§ Data segment:
════════════════

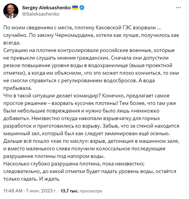 "Версию о том, что, мол, ВСУ сами разбомбили Каховскую ГЭС (захваченную, заметим, российскими войсками) - даже и обсуждать смысла нет, она предназначена только для законченных кретинов, то есть для традиционной аудитории Соловьева. "
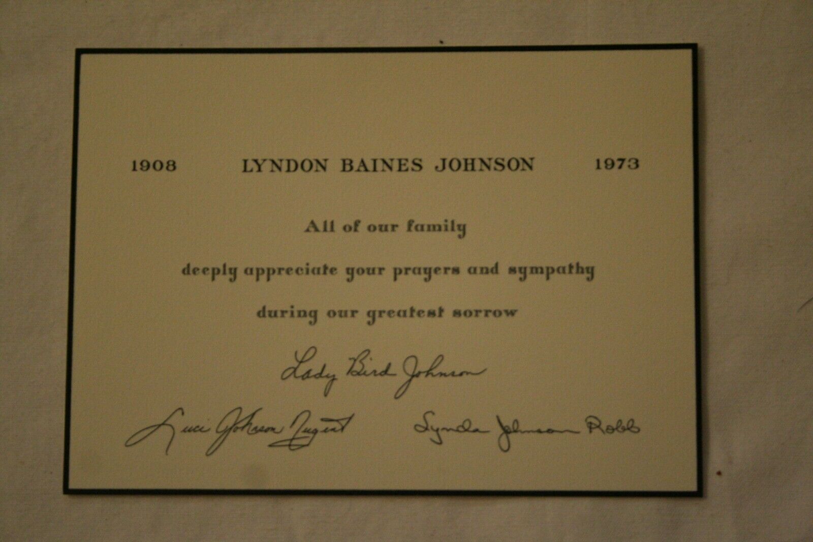 LYNDON BAINES JOHNSON SYMPATHY CARD FROM LADY BIRD JOHNSON
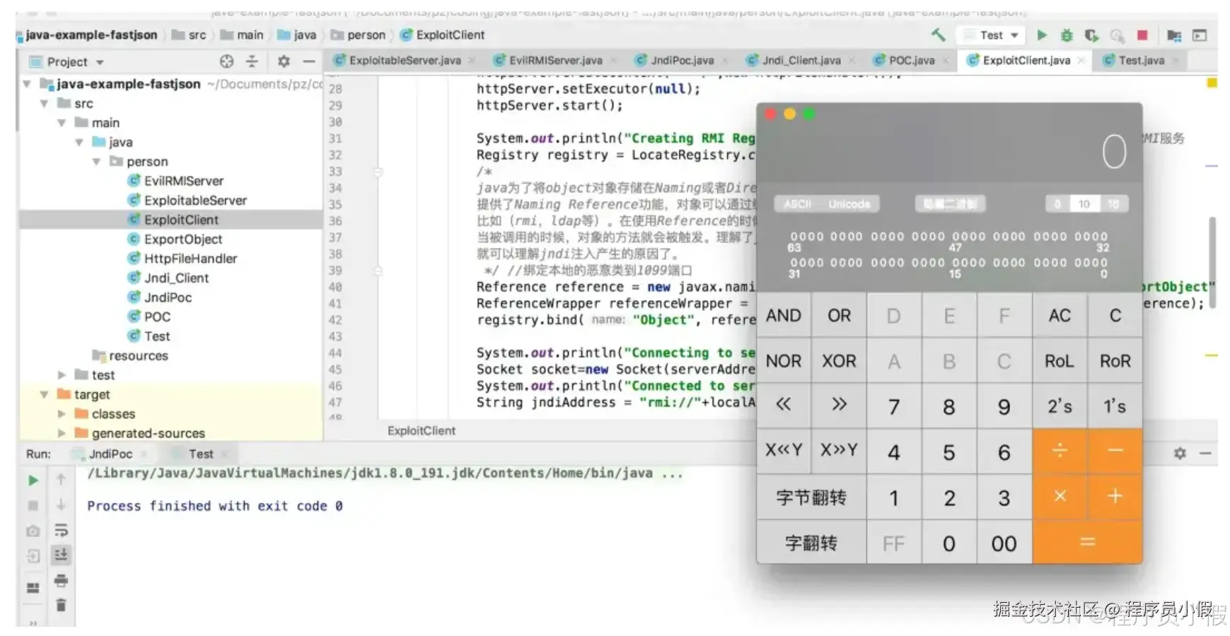 恶意代码植入的核心就是在对象初始化阶段,直接会调用Runtime.getRuntime().exec("open /Applications/Calculator.app/")这个方法,通过运行时操作类直接执行恶意代码。
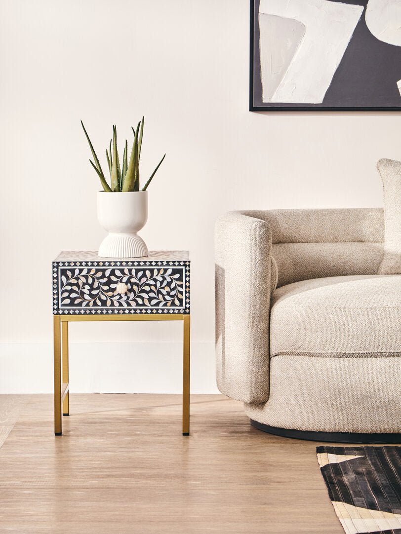 Fusion 1 Drawer Side Table with Bone Inlay

════════════════

§ Task details: Each line above is to be copied verbatim. Drop any image from the copy.

§ Response:
 "Версию о том, что, мол, ВСУ сами разбомбили Каховскую ГЭС (захваченную, заметим, российскими войсками) - даже и обсуждать смысла нет, она предназначена только для законченных кретинов, то есть для традиционной аудитории Соловьева. "
 LYNDON BAINES JOHNSON SYMPATHY CARD FROM LADY BIRD JOHNSON
 恶意代码植入的核心就是在对象初始化阶段,直接会调用Runtime.getRuntime().exec("open /Applications/Calculator.app/")这个方法,通过运行时操作类直接执行恶意代码。
 Fusion 1 Drawer Side Table with Bone Inlay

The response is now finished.